Input records:

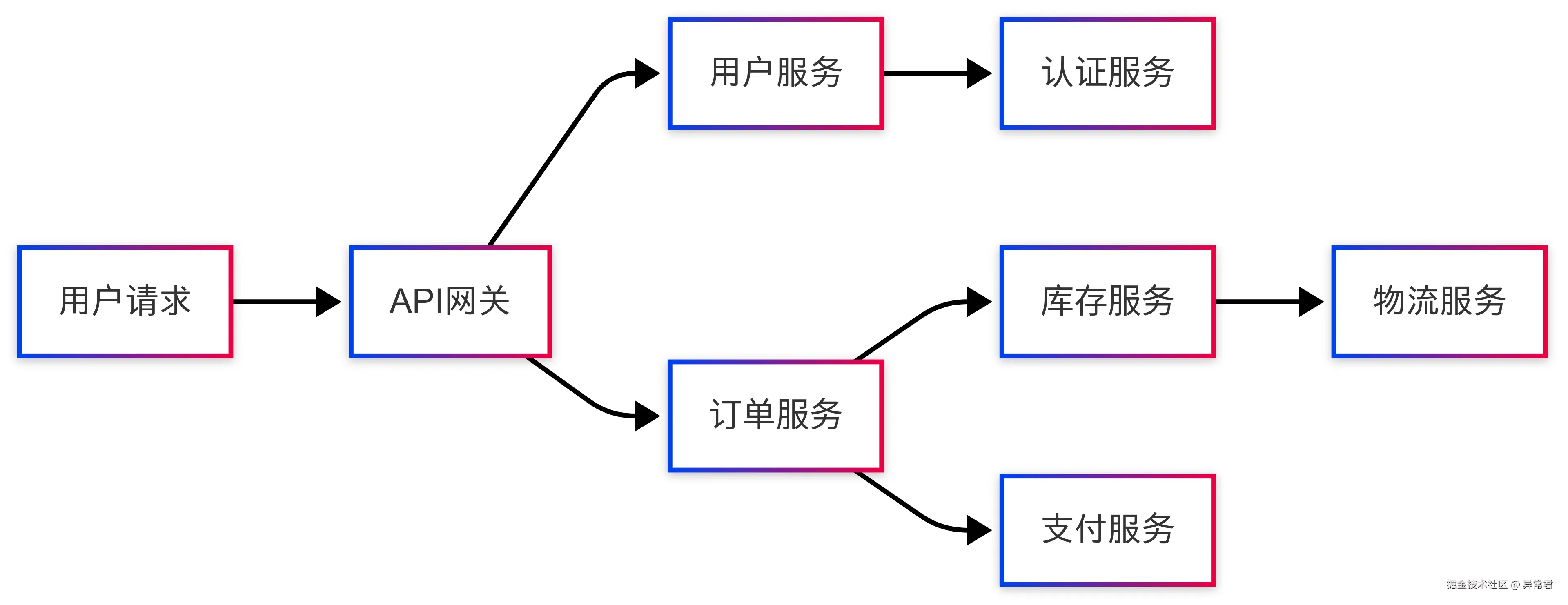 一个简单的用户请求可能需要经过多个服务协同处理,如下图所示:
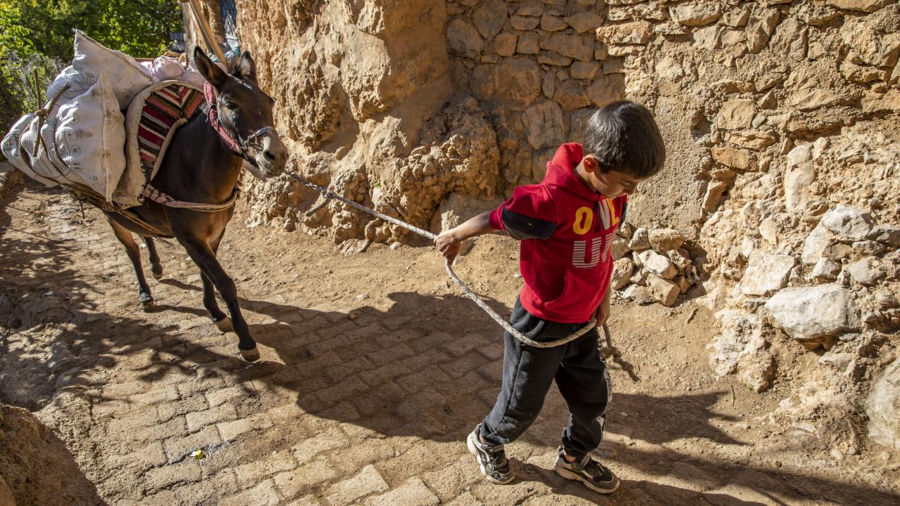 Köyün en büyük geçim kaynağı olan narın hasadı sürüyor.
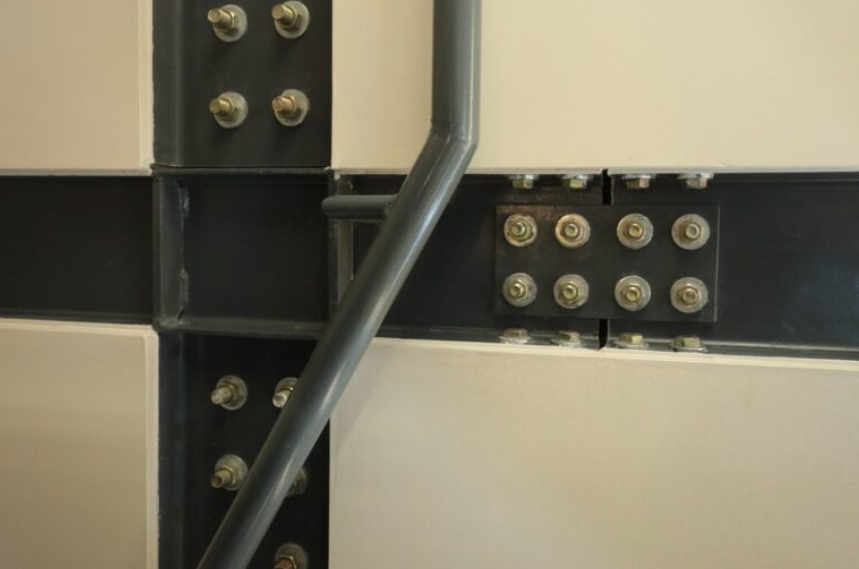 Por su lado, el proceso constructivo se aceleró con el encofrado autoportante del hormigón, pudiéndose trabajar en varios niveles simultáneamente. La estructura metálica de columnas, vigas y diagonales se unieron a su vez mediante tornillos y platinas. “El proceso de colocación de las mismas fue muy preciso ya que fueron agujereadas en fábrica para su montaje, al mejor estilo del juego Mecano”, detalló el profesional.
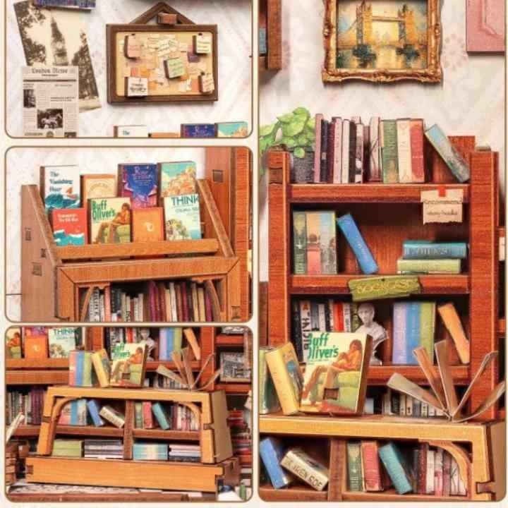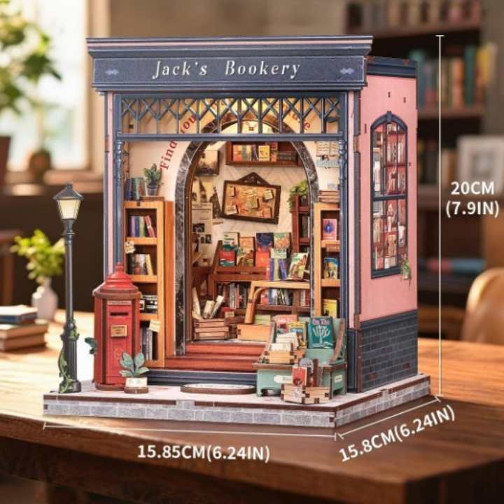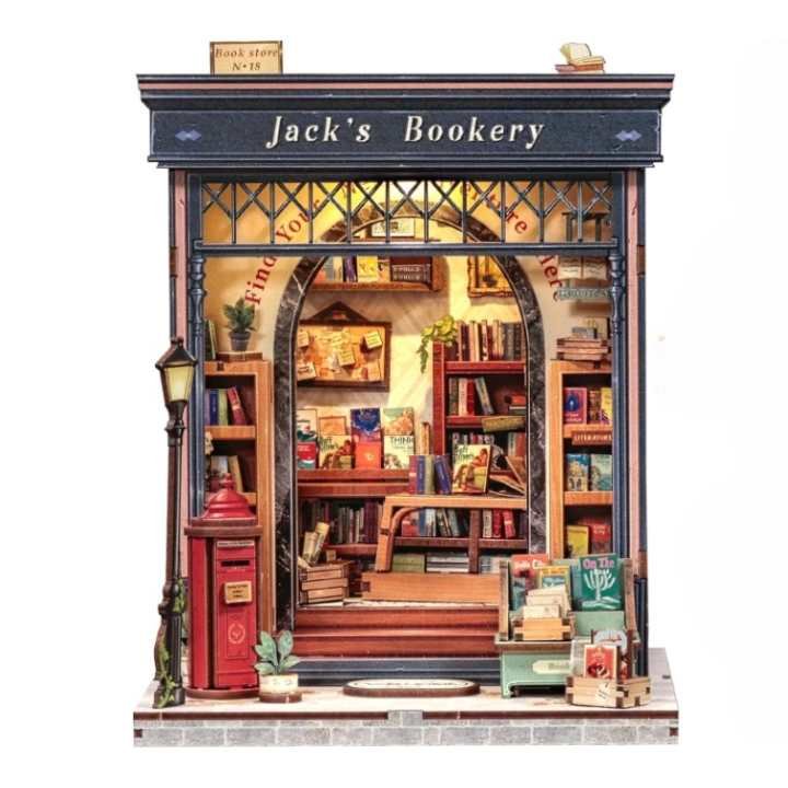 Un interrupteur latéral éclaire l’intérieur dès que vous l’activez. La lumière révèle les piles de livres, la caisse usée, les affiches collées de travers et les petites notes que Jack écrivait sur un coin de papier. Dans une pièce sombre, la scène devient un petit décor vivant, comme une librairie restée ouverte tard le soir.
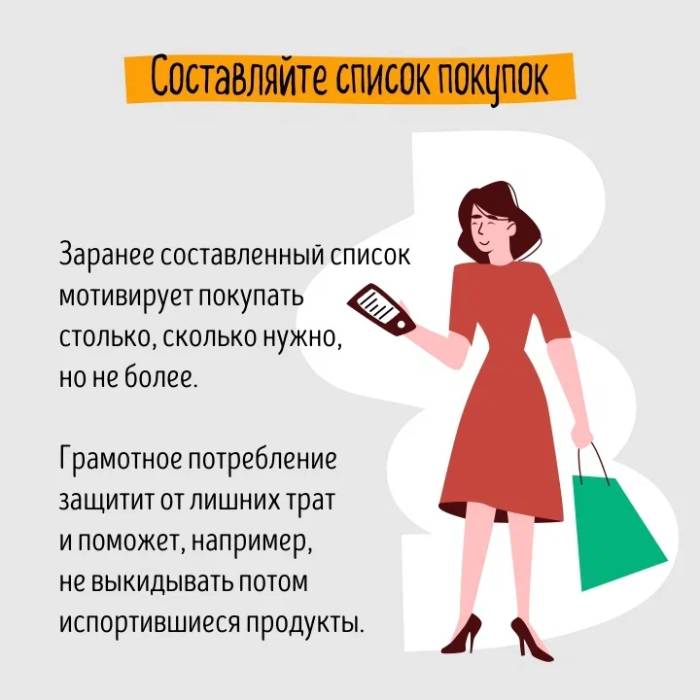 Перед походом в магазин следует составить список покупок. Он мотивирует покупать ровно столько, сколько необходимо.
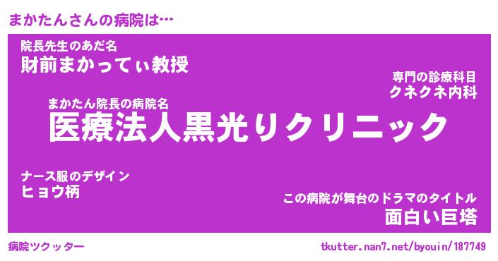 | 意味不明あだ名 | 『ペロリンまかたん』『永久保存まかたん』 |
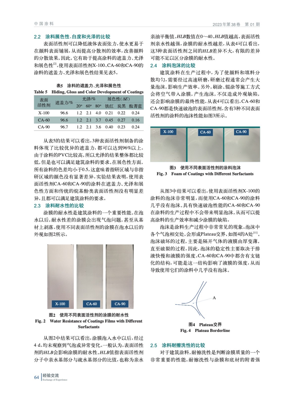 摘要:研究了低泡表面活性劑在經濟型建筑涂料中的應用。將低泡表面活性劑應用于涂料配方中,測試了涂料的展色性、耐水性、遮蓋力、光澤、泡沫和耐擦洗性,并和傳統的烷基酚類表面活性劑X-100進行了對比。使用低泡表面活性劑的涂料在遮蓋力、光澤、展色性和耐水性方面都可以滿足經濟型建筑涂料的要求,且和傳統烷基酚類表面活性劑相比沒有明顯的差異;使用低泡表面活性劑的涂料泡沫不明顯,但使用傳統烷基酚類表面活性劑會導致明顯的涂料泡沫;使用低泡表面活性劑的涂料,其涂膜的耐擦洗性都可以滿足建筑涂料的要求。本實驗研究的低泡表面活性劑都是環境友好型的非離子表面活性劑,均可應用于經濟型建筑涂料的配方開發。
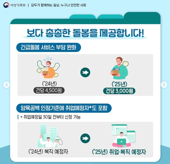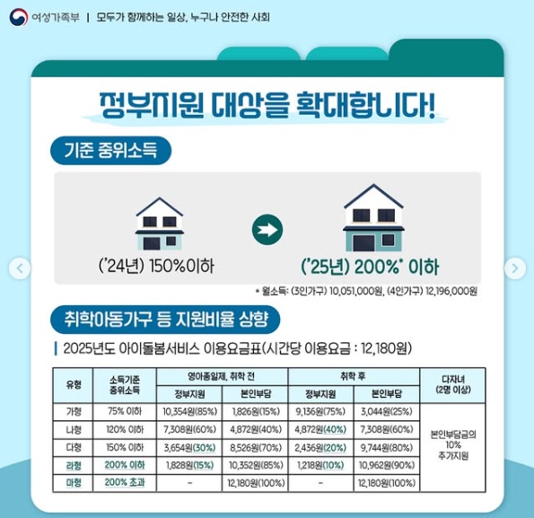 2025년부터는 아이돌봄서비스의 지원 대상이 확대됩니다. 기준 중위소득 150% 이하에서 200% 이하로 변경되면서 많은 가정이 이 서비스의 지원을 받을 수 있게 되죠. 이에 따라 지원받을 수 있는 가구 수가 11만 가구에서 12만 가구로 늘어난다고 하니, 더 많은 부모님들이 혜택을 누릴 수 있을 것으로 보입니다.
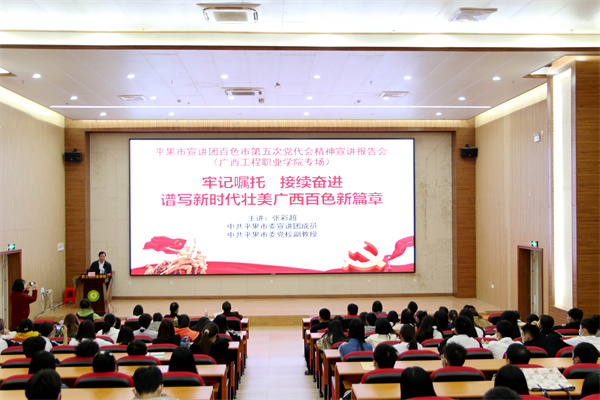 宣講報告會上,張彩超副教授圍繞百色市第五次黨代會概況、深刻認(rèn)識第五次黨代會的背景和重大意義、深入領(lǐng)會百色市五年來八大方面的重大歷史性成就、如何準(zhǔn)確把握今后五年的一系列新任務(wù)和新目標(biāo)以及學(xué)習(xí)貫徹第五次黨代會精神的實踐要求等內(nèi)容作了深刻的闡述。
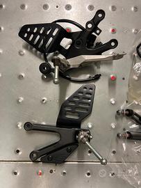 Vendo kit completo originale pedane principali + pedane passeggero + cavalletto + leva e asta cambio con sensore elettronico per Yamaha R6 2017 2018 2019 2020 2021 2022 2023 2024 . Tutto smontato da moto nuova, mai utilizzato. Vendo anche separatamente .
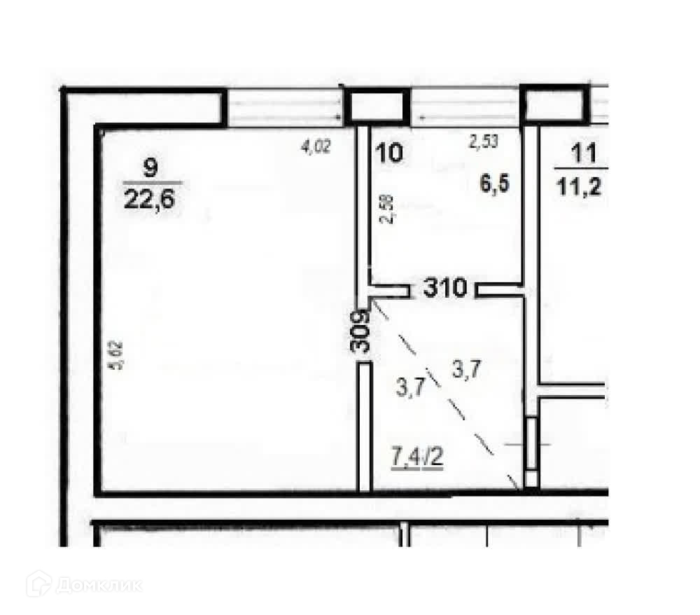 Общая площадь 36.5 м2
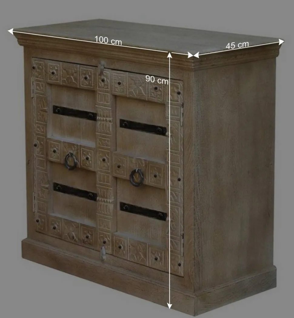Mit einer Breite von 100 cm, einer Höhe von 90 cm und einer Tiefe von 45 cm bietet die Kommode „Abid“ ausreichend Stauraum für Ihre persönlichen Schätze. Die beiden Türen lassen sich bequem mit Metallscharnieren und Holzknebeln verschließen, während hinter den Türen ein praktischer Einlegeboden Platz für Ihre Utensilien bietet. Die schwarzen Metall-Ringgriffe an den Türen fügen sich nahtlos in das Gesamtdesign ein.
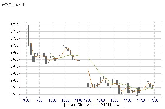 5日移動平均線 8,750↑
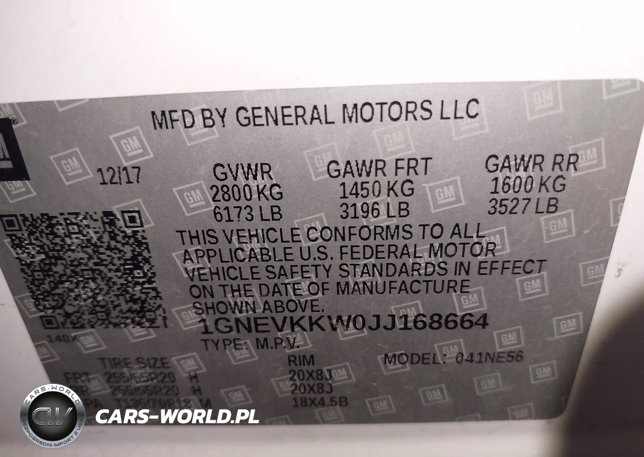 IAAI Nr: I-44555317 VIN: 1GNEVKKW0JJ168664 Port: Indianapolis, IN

Problem to solve: Output exactly the lines above that lie between the line with "Перед походом в" and the line with "宣講報告會上,張彩超副教授圍", those two lines included, and no pictures.

Response to the exercise:
 Перед походом в магазин следует составить список покупок. Он мотивирует покупать ровно столько, сколько необходимо.
 | 意味不明あだ名 | 『ペロリンまかたん』『永久保存まかたん』 |
 摘要:研究了低泡表面活性劑在經濟型建筑涂料中的應用。將低泡表面活性劑應用于涂料配方中,測試了涂料的展色性、耐水性、遮蓋力、光澤、泡沫和耐擦洗性,并和傳統的烷基酚類表面活性劑X-100進行了對比。使用低泡表面活性劑的涂料在遮蓋力、光澤、展色性和耐水性方面都可以滿足經濟型建筑涂料的要求,且和傳統烷基酚類表面活性劑相比沒有明顯的差異;使用低泡表面活性劑的涂料泡沫不明顯,但使用傳統烷基酚類表面活性劑會導致明顯的涂料泡沫;使用低泡表面活性劑的涂料,其涂膜的耐擦洗性都可以滿足建筑涂料的要求。本實驗研究的低泡表面活性劑都是環境友好型的非離子表面活性劑,均可應用于經濟型建筑涂料的配方開發。
 2025년부터는 아이돌봄서비스의 지원 대상이 확대됩니다. 기준 중위소득 150% 이하에서 200% 이하로 변경되면서 많은 가정이 이 서비스의 지원을 받을 수 있게 되죠. 이에 따라 지원받을 수 있는 가구 수가 11만 가구에서 12만 가구로 늘어난다고 하니, 더 많은 부모님들이 혜택을 누릴 수 있을 것으로 보입니다.
 宣講報告會上,張彩超副教授圍繞百色市第五次黨代會概況、深刻認(rèn)識第五次黨代會的背景和重大意義、深入領(lǐng)會百色市五年來八大方面的重大歷史性成就、如何準(zhǔn)確把握今后五年的一系列新任務(wù)和新目標(biāo)以及學(xué)習(xí)貫徹第五次黨代會精神的實踐要求等內(nèi)容作了深刻的闡述。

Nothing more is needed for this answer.